DATA LISTING ▸
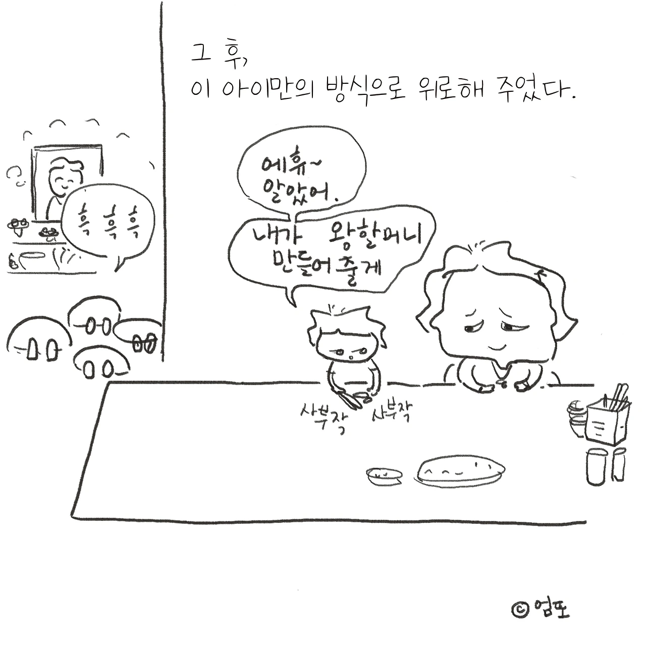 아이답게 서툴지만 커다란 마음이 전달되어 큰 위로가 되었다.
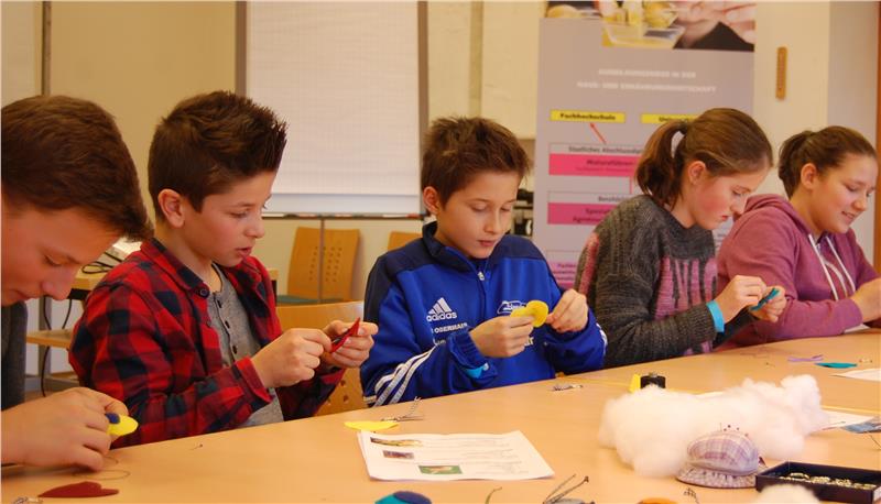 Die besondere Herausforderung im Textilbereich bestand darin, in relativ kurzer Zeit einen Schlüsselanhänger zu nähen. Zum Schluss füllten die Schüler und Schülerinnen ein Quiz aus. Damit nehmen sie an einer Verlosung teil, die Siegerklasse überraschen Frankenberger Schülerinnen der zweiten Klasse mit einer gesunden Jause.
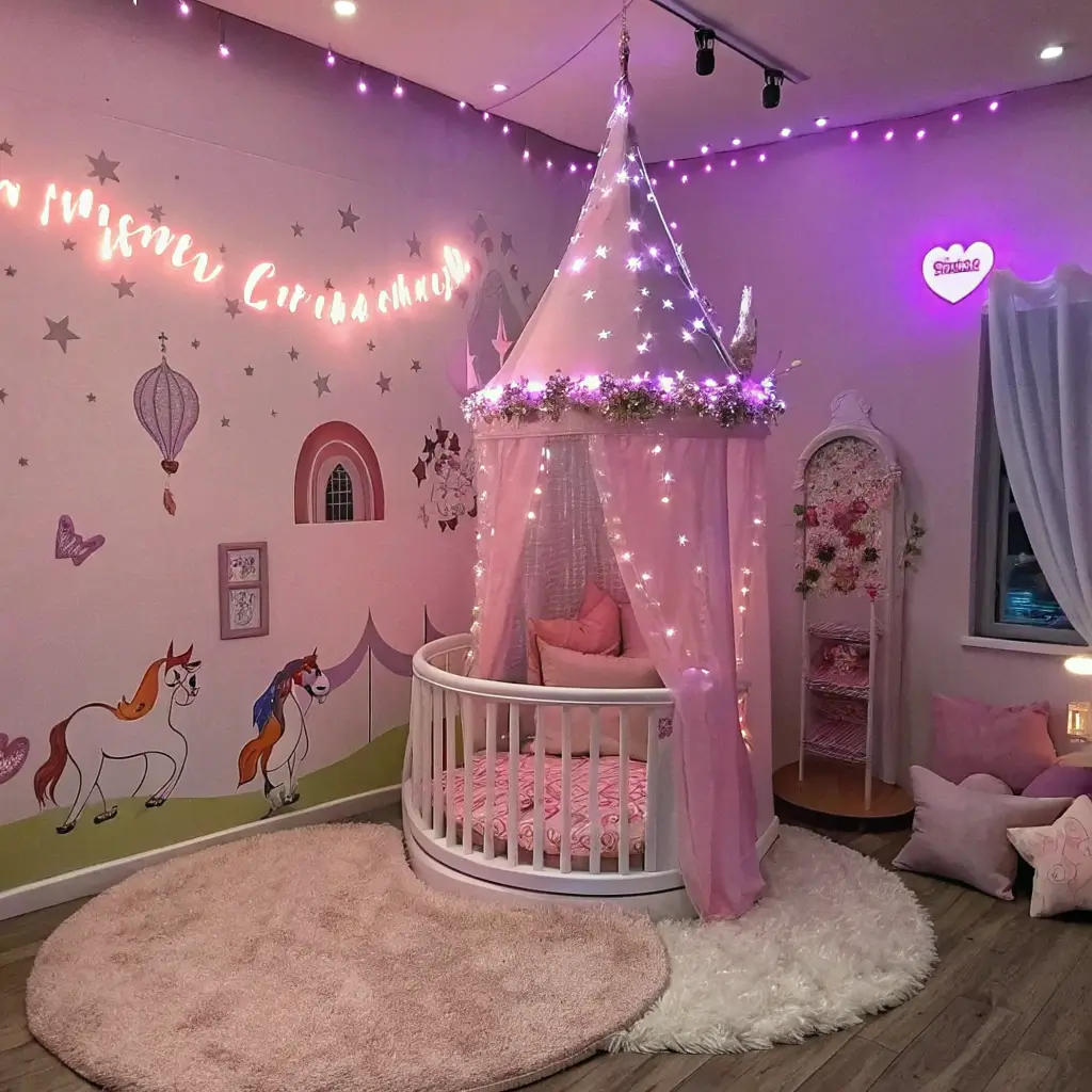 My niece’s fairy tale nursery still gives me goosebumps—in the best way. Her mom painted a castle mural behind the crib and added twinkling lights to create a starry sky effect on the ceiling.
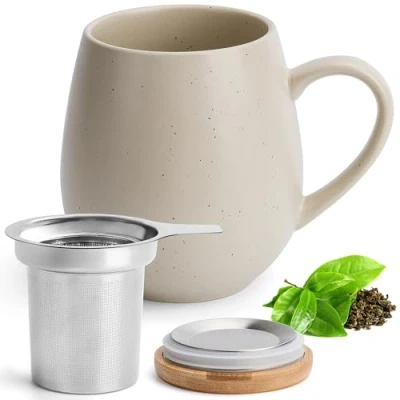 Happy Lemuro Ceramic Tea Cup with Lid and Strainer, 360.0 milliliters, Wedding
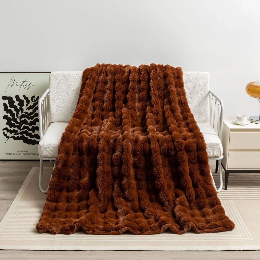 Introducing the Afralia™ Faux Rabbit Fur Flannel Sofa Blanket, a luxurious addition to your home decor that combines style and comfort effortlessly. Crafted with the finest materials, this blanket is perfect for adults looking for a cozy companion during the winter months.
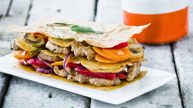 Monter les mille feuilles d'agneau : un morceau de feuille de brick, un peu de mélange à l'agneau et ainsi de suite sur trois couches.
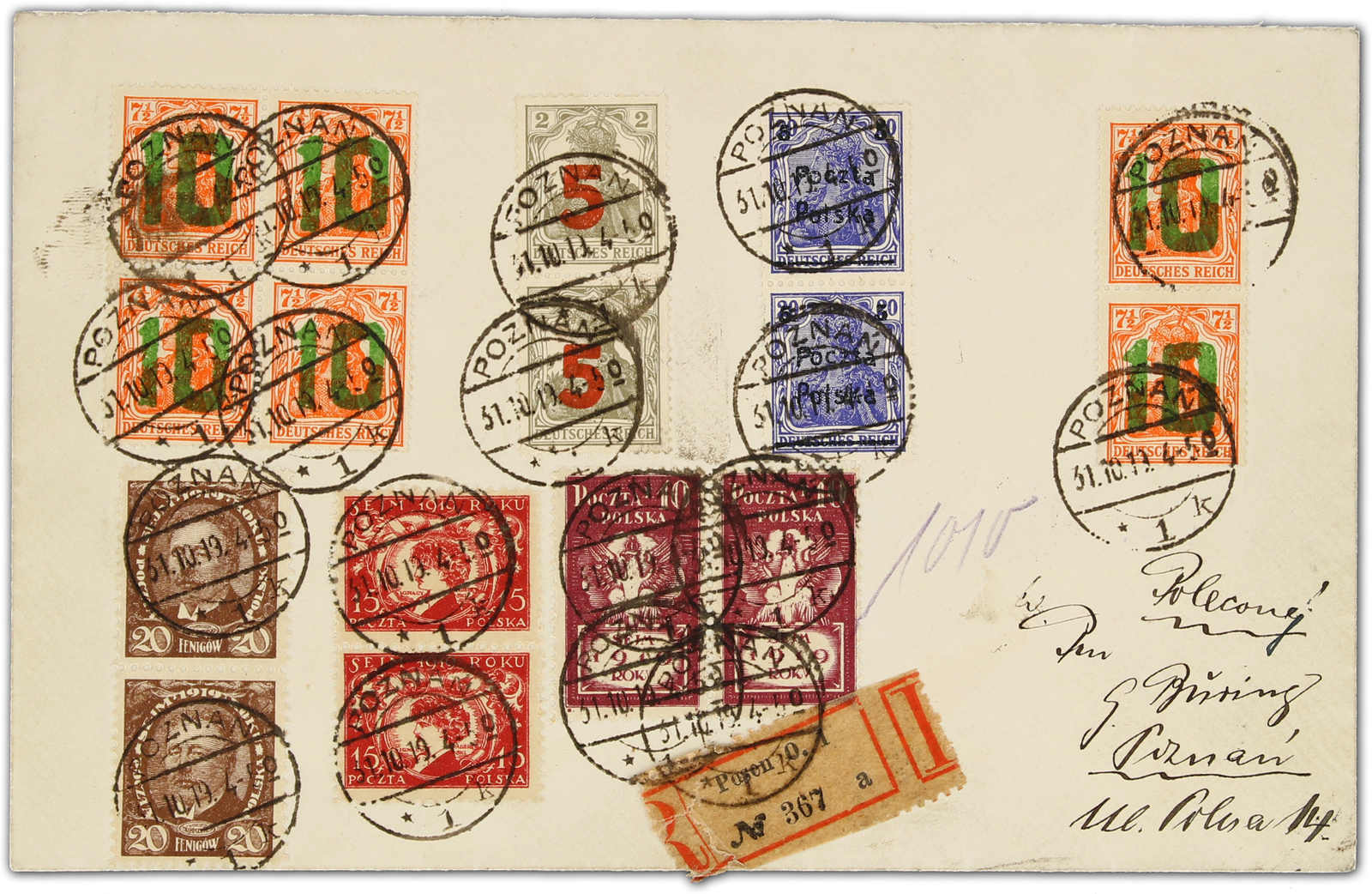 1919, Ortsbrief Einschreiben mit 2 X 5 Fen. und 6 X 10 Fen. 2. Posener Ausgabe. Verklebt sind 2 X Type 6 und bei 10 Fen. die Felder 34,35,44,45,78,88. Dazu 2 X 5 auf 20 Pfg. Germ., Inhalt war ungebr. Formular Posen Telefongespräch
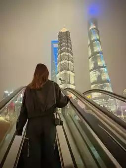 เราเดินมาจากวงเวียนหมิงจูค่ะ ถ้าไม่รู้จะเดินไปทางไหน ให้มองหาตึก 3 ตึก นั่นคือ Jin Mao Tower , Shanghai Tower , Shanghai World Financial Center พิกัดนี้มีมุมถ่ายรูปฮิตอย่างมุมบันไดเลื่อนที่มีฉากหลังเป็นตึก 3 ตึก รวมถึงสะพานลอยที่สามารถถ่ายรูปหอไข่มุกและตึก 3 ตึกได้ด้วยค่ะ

ACTIVITY ▸ Omit the pictures and give the material again, exactly and in full.

RESPONSE ▸
 아이답게 서툴지만 커다란 마음이 전달되어 큰 위로가 되었다.
 Die besondere Herausforderung im Textilbereich bestand darin, in relativ kurzer Zeit einen Schlüsselanhänger zu nähen. Zum Schluss füllten die Schüler und Schülerinnen ein Quiz aus. Damit nehmen sie an einer Verlosung teil, die Siegerklasse überraschen Frankenberger Schülerinnen der zweiten Klasse mit einer gesunden Jause.
 My niece’s fairy tale nursery still gives me goosebumps—in the best way. Her mom painted a castle mural behind the crib and added twinkling lights to create a starry sky effect on the ceiling.
 Happy Lemuro Ceramic Tea Cup with Lid and Strainer, 360.0 milliliters, Wedding
 Introducing the Afralia™ Faux Rabbit Fur Flannel Sofa Blanket, a luxurious addition to your home decor that combines style and comfort effortlessly. Crafted with the finest materials, this blanket is perfect for adults looking for a cozy companion during the winter months.
 Monter les mille feuilles d'agneau : un morceau de feuille de brick, un peu de mélange à l'agneau et ainsi de suite sur trois couches.
 1919, Ortsbrief Einschreiben mit 2 X 5 Fen. und 6 X 10 Fen. 2. Posener Ausgabe. Verklebt sind 2 X Type 6 und bei 10 Fen. die Felder 34,35,44,45,78,88. Dazu 2 X 5 auf 20 Pfg. Germ., Inhalt war ungebr. Formular Posen Telefongespräch
 เราเดินมาจากวงเวียนหมิงจูค่ะ ถ้าไม่รู้จะเดินไปทางไหน ให้มองหาตึก 3 ตึก นั่นคือ Jin Mao Tower , Shanghai Tower , Shanghai World Financial Center พิกัดนี้มีมุมถ่ายรูปฮิตอย่างมุมบันไดเลื่อนที่มีฉากหลังเป็นตึก 3 ตึก รวมถึงสะพานลอยที่สามารถถ่ายรูปหอไข่มุกและตึก 3 ตึกได้ด้วยค่ะ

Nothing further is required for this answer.